Abstract
Deep Neural Networks (DNNs) based learning methods have brought revolutionary advances in computer vision and machine learning. However, training a DNN model often requires very intensive computational resources. For edge incremental learning, more energy efficient learning solutions are called for. Heterogeneous computing is more power efficient, and has been increasingly popular for embedded platforms. Therefore, how to deploy training models on heterogeneous platforms to support edge learning is a critical issue.
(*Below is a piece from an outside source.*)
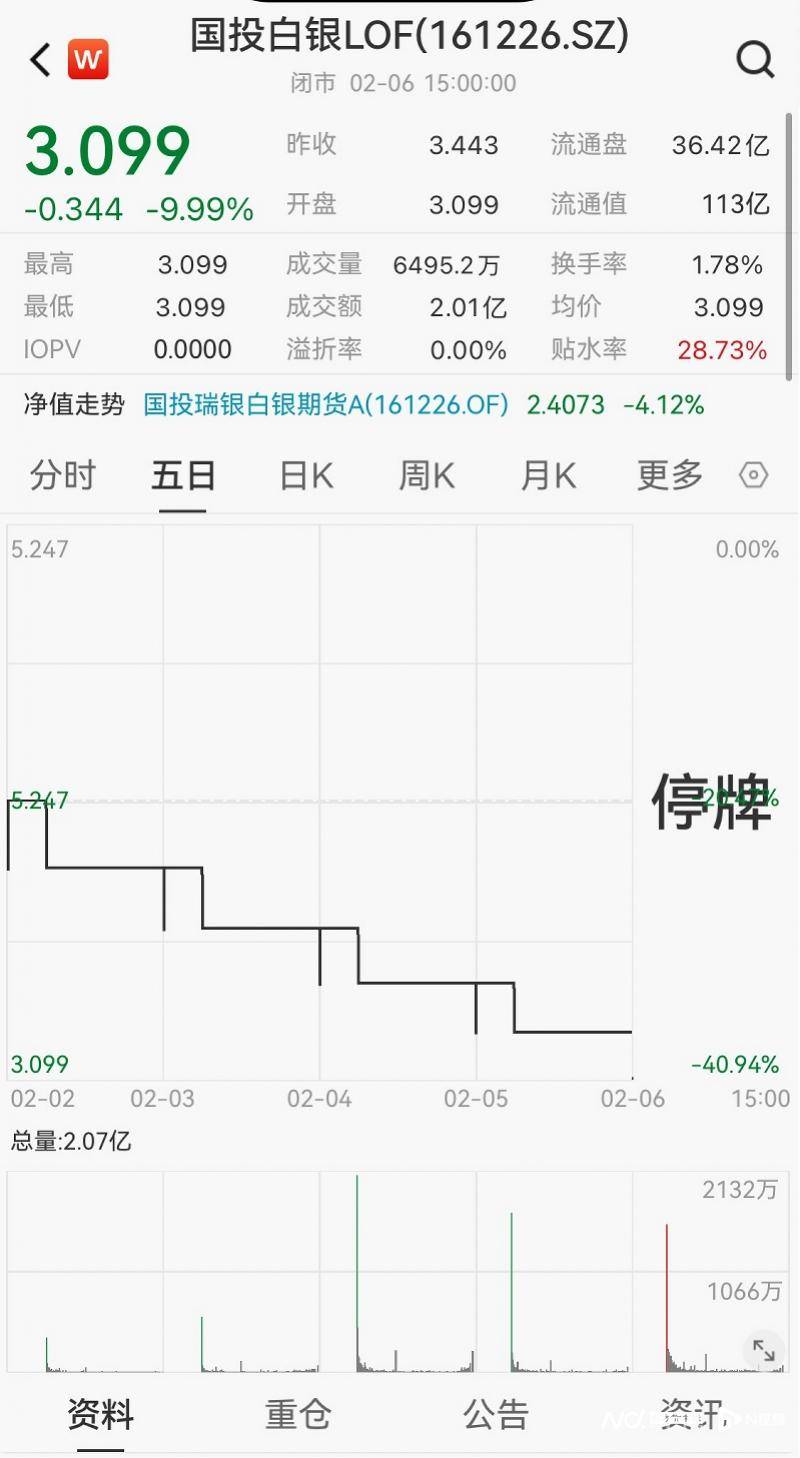 受估值调整事件的持续影响,2月2日至6日期间,国投白银LOF场内价格已连续5个交易日出现“一字跌停”,单周累计大跌40.94%,该基金最新场内价格报3.099元/份。

Due to the increasing size of DNNs, it is rather difficult to determine how to dispatch a large number of operations to proper devices. One state-of-art approach uses reinforcement learning to address this device placement issue, but is too costly to apply in an embedded setting. In this paper, our approach leverages the information available from the computational graph of the model, and the dynamic profiles of run time and communication time of each device, to more efficiently deploy operations on heterogeneous systems. We use Critical Earliest Finish Time (CEFT) algorithm together with the Partitioned Boolean Quadratic Assignment Problem (PBQP) solver to find a cost-effective placement, and dynamically adjust assignments during the training process, which makes our method more adaptive and effective for different computational environments. On AlexNet, VGG, Inception, ResNet, RNNLM and other well-known models, our approach significantly outperforms traditional algorithms and reinforcement learning based methods.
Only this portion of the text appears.